On Tue, 27 May 2025, 23:57 Martin Harriman, @.***> wrote:
larvacea left a comment (bottlerocket-os/bottlerocket#4543) https://github.com/bottlerocket-os/bottlerocket/issues/4543#issuecomment-2914253896
Do you need anything beyond enabling kexec in the kernel? Bottlerocket does enable the syscall today in all three kernels.
— Reply to this email directly, view it on GitHub https://github.com/bottlerocket-os/bottlerocket/issues/4543#issuecomment-2914253896, or unsubscribe https://github.com/notifications/unsubscribe-auth/AABAI6HVLYDG6I4EL4PRJS33ATNT7AVCNFSM6AAAAAB576PSDGVHI2DSMVQWIX3LMV43OSLTON2WKQ3PNVWWK3TUHMZDSMJUGI2TGOBZGY . You are receiving this because you were mentioned.Message ID: @.***>
kexec relies on kernel drivers to implement a PCI device shutdown hook correctly in order to work reliably. As one example, in-flight DMA requests need to complete before the kexec, or else they can corrupt memory in the new kernel.
In my experience, working mostly within a bounded set of server-class hardware, driver-related issues are uncommon but not unheard of. I wouldn't advise using kexec with uncontrolled hardware where it hasn't specifically been qualified.
I also regard kexec as largely incompatible with Secure Boot. Much ado about SBAT goes into many of the factors, but it's very difficult to reason about the security of the kernel after it starts running. Loading an unsigned kernel module, mounting an unverified filesystem, or running a userspace process with full capabilities could all potentially compromise the kernel.
Whether or not kexec supports UKIs, or zboot images, it can't extend the chain of trust from Secure Boot to a new Linux kernel and userspace, unless perhaps invoked very early, before any of those other events could have happened.
You would need a different threat model, like "Secure Kexec", that established how the new Linux environment could trust the old Linux environment had not been compromised, and that it was free of implementation defects like the driver issues that might cause damage. TPM-backed secrets might or might not be available under the weaker guarantees of this threat model.
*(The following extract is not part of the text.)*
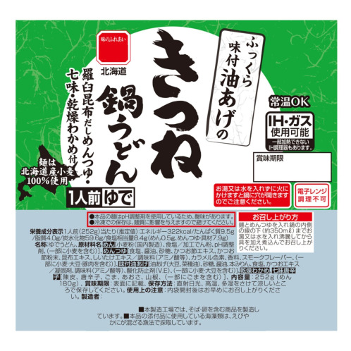 北海道産小麦使用! ふっくら味付油あげの きつね鍋うどん(常温)

Thanks @bcressey for spending the time to share your analysis and insight here. You raise important concerns about the fundamental trust model with kexec that I hadn't really considered before.
I understand your point that kexec inherently requires trusting the running kernel to load the next one, which creates a different security model than a full firmware reboot. Even with kexec_load_file() checking signatures, a compromised kernel could subvert this process.
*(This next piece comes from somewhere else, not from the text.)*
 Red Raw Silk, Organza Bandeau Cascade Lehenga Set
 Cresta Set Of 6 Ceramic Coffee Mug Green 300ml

Regarding the TPM/attestation issues - you're right that without a firmware reset, PCRs would just be extended rather than reset, making it impossible to distinguish a clean boot from a kexec. This breaks both remote attestation and TPM-sealed secrets.
I have read the "Much ado about SBAT" article before and it is very interesting, but you put it in a new light for me in the context of maintaining security guarantees in a running system.
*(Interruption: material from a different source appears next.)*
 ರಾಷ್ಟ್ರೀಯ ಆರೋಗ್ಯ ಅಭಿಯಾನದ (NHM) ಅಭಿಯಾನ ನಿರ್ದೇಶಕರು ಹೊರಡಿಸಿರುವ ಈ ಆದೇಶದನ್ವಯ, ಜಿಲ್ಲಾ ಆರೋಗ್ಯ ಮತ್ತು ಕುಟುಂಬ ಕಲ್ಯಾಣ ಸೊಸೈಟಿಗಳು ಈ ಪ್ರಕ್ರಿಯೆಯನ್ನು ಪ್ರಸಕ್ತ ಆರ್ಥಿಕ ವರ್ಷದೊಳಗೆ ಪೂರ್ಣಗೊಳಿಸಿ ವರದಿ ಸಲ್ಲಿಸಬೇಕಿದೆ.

Given Bottlerocket's security-first approach and the fundamental differences in trust model between firmware reboot and kexec, I can see why you'd consider them incompatible. The faster boot times don't seem worth compromising the security guarantees that Bottlerocket provides.
I am fine with closing this issue as a "Won't Fix" given this conversation.
There are some things that I think could still make it interesting, such as;
- in commodity hardware, the firmware is more often the weakest link than the running kernel - the security of the firmware is often not great
- running the kernel in
integritymode and with a limited set of file systems makes it very difficult to compromise the running kernel
But, we are looking at running some relatively niche filesystems in our main kernel, so I do actually think we would like to do a firmware anchored reboot of our nodes relatively often until we can do a full and proper audit.